The data:
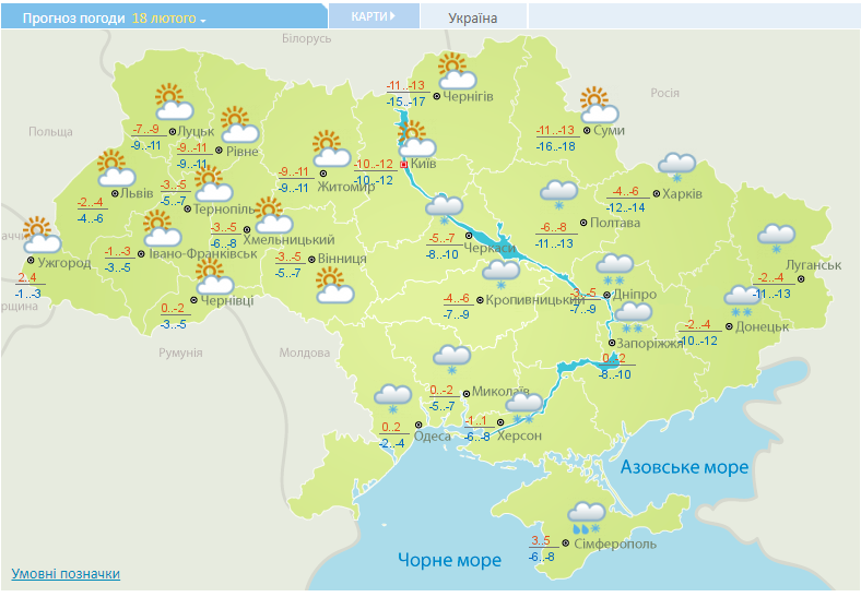 У Києві 18 лютого, за даними Діденко, серйозні опади малоймовірні. На дорогах буде слизько. Вночі та вдень температура повітря буде приблизно однаковою - 10-12 градусів морозу. На вечір похолодає до -16-18 градусів.
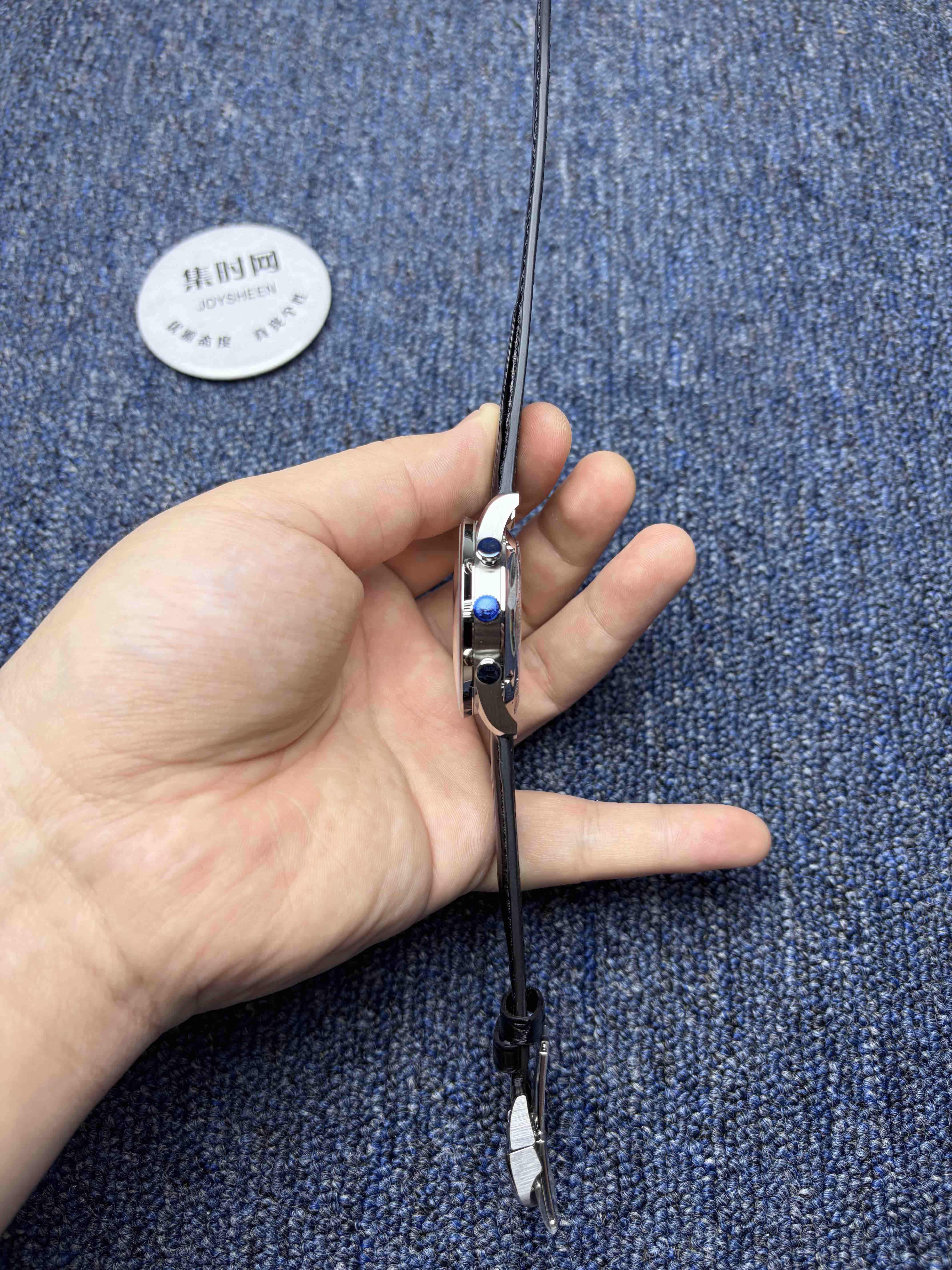 1️⃣表壳:原版开模,表壳设计与原版一致,葡萄牙计时的表壳设计极致简约经典,以精密的圆形为主。壳身线条圆润流畅,侧面通常采用拉丝与抛光交替处理,质感出众。标志性的窄抛光表圈,最大程度地保留了表盘的展示空间。表耳纤细弯曲,确保佩戴时与手腕贴合。整体厚度适中13毫米,在优雅与存在感之间取得平衡。
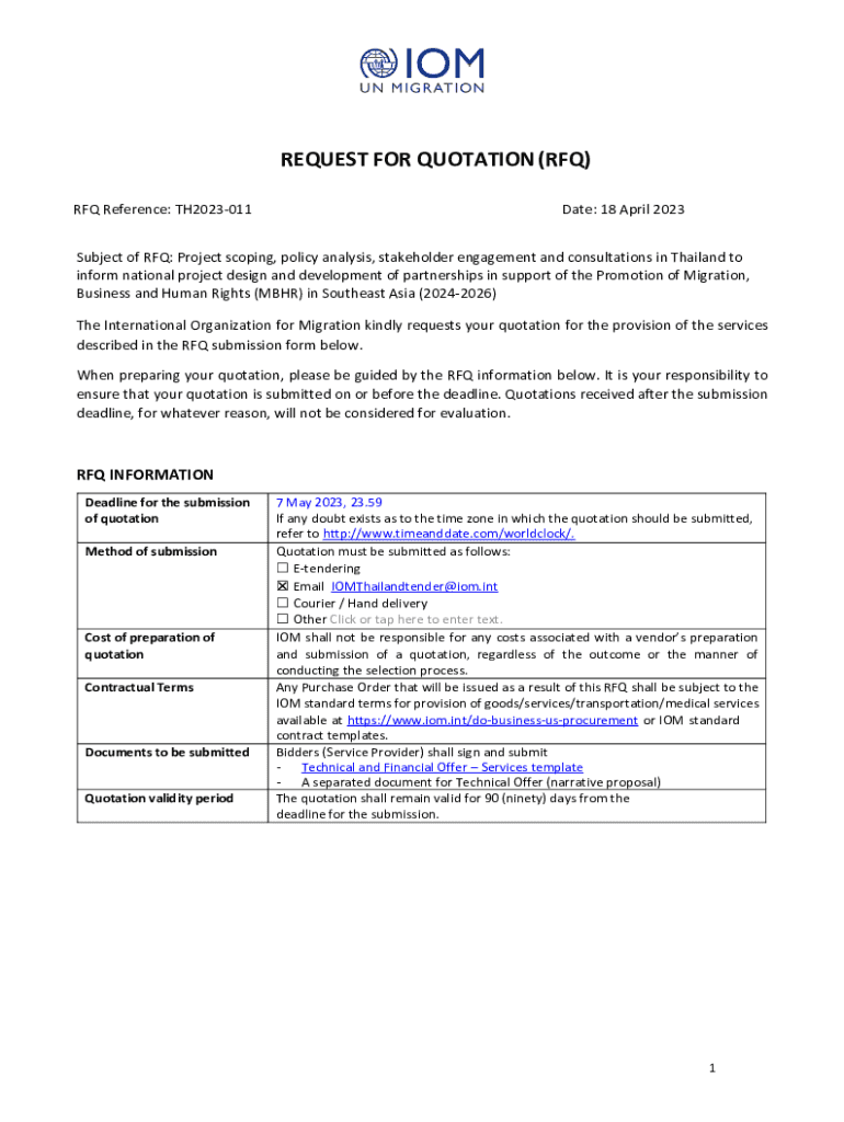 REQUEST FOR QUOTATION (RFQ) RFQ Reference: TH2023011Date: 18 April 2023Subject of RFQ: Project scoping, policy analysis, stakeholder engagement and consultations in Thailand to inform national project

Required work:
Set the listing down in full and exactly. Pictures within it should not appear in the copy.

Solution:
 У Києві 18 лютого, за даними Діденко, серйозні опади малоймовірні. На дорогах буде слизько. Вночі та вдень температура повітря буде приблизно однаковою - 10-12 градусів морозу. На вечір похолодає до -16-18 градусів.
 1️⃣表壳:原版开模,表壳设计与原版一致,葡萄牙计时的表壳设计极致简约经典,以精密的圆形为主。壳身线条圆润流畅,侧面通常采用拉丝与抛光交替处理,质感出众。标志性的窄抛光表圈,最大程度地保留了表盘的展示空间。表耳纤细弯曲,确保佩戴时与手腕贴合。整体厚度适中13毫米,在优雅与存在感之间取得平衡。
 REQUEST FOR QUOTATION (RFQ) RFQ Reference: TH2023011Date: 18 April 2023Subject of RFQ: Project scoping, policy analysis, stakeholder engagement and consultations in Thailand to inform national project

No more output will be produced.